= Maurice Stonefrost =

British local government officer

Maurice Frank Stonefrost (September 1, 1927 – October 25, 2008) was a British civil servant. He was most prominent for his involvement with the Greater London Council (GLC) from 1973 until its dissolution in 1986.

==Background==

Stonefrost was born in Bristol and attended Merrywood Grammar School. He did National Service with the RAF from 1948 to 1951. After that he worked for several local authorities, starting in Bristol before moving to Slough in 1954, Coventry in 1956, and West Sussex in 1961. From 1964 to 1973 he worked as the secretary for the Institute of Municipal Treasurers and Accountants.

==Greater London Council==

From 1973 to 1977 he worked with the Labour administration under Sir Reg Goodwin to keep London out of the financial problems that plagued New York City. From 1977 to 1981 he managed the finances for the GLC under the Conservative administration led by Horace Cutler.

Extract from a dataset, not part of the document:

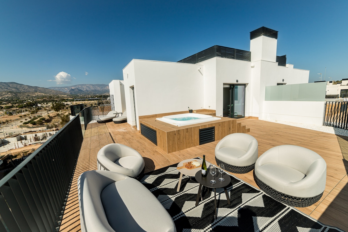 Amplio ático con vistas al mar, jacuzzi y piscina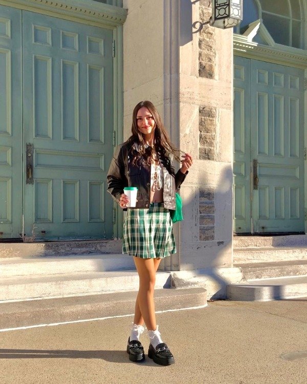 Green Plaid Skirt + Brown Jacket

He achieved his greatest prominence under the Labour administration that began in 1981 under Ken Livingstone by allowing the city government to pursue its political goals within a feasible budget. Additionally, he was able to get his officials to manipulate the central government's local financing scheme to obtain £200m of additional financing from other governmental agencies. He also argued strongly against the dissolution of the GLC because of the resulting "fragmentation and chaos" that would result for the other London governmental agencies and the increased cost of borrowing money for each of those agencies.

==After the Greater London Council==

After the GLC was dissolved in 1986 he led an investigation into the Liverpool City Council's near bankruptcy and recommended stabilizing its finances by halting hiring, raising rents and tax rates, and reorganizing its debt obligations. From 1986 to 1990 he was Chief Executive Officer of the British Rail Pension Fund (BRPF). He was involved with the sale of a collection of fine art owned by the BRPF after fine art prices rose in the 1980s. Although Labour Party Shadow Arts Minister Mark Fisher objected to the possibility that the collection might leave Britain, Stonefrost maintained the most important outcome was receiving the highest price for the works.

From 1990 to 1993 he was chairman of Municipal Mutual Insurance (MMI). MMI had been a primary insurer of local governments in Britain but had expanded to also insure cars and homes. When he joined, MMI had become overexposed to problems relating to school arson attacks and general financial market problems and he engineered a sale to Zurich Insurance in 1993.